The power of such a system is not merely analytical. It is also, indeed at times I think primarily, seductive. So much information is now at our disposal, we think we should be able to answer the questions we pose. Not any question to be sure, but the important ones about causality. Clear answers to why questions.
The questions of our time are, however, only rarely the questions of times past and even when they were their meaning would in almost all cases have been qualitatively different. And so it is with the question at the heart of this study.
What the men and women on the 1903 roll would have thought of my analysis we can never know, but beyond being perplexed and perhaps intrigued by the technology, they would undoubtedly have wondered why something so normal in their lives could have become a question for historical investigation only a little more than a century later.
Why, when we now know so much more about the past experience of women than ever before, should the fact that women owned a quarter of all rental units in a large city a century ago need investigating? How could we have forgotten this? What mechanisms resulted in the memory of these practices by men and women becoming so lost to us as to lead us to question if they had any real meaning?
Since Amy Louise Erickson wrote her pioneering study on gender and property in early modern England (Erickson, 1993), we have had numerous studies showing the importance of female proprietorship in a wide variety of cultures and places (Schmidt, 2007; Wnek, 2009; Kaplan, 2010).29 Despite these rich new perspectives, all too many scholars continue to assume that it is reasonable to discuss gender and wealth in terms of entrepreneurial versus risk-adverse strategies.30 One of the reasons for such present-minded, and in this case frankly sexist, impositions of our own concerns on the past is an all too frequent and uncritical recourse to social science history.
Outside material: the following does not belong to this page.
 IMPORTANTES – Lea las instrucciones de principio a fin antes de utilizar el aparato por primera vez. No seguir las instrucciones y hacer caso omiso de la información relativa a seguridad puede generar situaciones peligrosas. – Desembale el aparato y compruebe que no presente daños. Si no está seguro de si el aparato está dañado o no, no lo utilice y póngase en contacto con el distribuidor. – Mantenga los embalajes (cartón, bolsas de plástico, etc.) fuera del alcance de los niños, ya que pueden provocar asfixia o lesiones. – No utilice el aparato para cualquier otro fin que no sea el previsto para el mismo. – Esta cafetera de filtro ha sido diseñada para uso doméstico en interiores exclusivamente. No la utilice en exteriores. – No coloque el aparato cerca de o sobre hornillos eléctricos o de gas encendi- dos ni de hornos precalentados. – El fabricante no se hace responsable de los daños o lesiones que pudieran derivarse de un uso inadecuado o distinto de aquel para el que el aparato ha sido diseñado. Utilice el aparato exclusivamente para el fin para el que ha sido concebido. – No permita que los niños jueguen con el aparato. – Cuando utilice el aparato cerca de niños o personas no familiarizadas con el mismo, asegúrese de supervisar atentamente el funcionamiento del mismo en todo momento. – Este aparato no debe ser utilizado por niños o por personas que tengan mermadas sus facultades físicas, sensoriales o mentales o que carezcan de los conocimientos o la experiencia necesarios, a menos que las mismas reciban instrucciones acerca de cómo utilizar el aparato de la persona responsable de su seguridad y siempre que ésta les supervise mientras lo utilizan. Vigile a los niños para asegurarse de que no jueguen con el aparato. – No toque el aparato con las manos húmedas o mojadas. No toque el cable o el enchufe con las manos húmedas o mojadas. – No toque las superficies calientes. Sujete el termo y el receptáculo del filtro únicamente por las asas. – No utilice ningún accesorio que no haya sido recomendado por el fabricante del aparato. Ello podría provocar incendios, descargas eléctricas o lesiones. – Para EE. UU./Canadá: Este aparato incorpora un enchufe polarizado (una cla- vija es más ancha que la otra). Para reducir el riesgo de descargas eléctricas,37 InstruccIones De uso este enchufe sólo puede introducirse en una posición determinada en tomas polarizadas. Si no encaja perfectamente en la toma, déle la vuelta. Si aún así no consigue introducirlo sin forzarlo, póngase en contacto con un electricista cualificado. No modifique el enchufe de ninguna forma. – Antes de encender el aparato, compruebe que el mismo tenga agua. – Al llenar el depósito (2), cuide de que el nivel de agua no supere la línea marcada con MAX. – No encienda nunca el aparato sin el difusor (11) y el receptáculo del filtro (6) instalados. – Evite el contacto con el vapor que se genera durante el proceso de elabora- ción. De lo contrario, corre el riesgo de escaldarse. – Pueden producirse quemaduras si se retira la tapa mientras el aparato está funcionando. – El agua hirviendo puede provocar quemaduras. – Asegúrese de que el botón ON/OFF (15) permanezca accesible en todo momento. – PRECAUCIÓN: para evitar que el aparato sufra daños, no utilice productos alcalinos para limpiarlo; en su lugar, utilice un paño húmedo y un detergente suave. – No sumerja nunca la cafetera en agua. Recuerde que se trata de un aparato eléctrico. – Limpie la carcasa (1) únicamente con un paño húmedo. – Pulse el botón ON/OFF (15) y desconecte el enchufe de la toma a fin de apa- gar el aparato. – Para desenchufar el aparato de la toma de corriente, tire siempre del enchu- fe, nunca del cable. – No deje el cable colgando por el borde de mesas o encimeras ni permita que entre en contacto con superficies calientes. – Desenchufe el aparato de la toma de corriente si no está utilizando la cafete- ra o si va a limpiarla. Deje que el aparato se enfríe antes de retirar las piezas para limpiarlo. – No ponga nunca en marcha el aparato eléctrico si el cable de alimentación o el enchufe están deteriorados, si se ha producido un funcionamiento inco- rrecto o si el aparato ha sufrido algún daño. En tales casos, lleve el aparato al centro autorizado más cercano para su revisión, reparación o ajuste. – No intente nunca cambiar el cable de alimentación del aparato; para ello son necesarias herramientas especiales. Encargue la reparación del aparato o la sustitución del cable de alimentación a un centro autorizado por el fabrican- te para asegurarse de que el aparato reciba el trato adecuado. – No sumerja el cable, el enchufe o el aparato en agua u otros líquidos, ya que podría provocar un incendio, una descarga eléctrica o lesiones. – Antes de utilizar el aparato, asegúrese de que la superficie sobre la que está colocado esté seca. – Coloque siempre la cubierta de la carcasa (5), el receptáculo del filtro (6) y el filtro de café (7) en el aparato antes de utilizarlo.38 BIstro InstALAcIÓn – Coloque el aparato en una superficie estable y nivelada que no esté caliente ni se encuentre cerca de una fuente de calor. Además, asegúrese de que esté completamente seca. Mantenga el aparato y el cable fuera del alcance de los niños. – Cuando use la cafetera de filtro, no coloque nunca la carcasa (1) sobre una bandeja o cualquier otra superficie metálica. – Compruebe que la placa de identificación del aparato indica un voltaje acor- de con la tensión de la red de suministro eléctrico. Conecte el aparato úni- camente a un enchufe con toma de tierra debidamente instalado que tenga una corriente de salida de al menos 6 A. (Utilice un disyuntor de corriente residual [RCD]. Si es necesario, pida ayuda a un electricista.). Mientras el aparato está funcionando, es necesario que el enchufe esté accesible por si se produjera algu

Using present day methods and analytical techniques first developed by the social sciences to study the past may at times be appropriate. Certainly, this paper has made use of such methods, but we must always be critically self-reflective when we do so. In part, this means ensuring that our categories and tests are developed in a manner that respects the historical logic of our diverse sources for they come from a qualitatively different time and place. But that is not enough.
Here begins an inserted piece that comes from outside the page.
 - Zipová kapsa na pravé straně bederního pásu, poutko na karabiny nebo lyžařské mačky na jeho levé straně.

What I have found most useful in stopping myself from making egregious errors of present-mindedness is to distinguish clearly between description and explanation. And so, I return to the conundrum I raised at the outset. The motivations of landlords, landladies, and tenants of turn of the century Montréal cannot be determined using MAP’s infrastructure. Epiphenomenal evidence does not allow of phenomenal explanation. No amount of statistical wizardry should hide this simple fact. When we advance an historical explanation based on this type of descriptive material, we need to be clear that is what we are doing. We are not presenting a proof based on evidence from the past; we are advancing a possible explanation based on our best efforts in the present to understand a past society. Furthermore, until we better understand how forgetting and remembering interact with structures of power in our own very unequal world, to talk of proof for any of the really large historical questions is, I fear, simply a form of professionally sanctioned, peer-reviewed, collective self-delusion.
Author Contributions
The author confirms he is the sole author of this work and has approved it for publication, while gratefully acknowledging the collegial contributions noted in the footnotes 1 and 18, and in the Acknowledgements section.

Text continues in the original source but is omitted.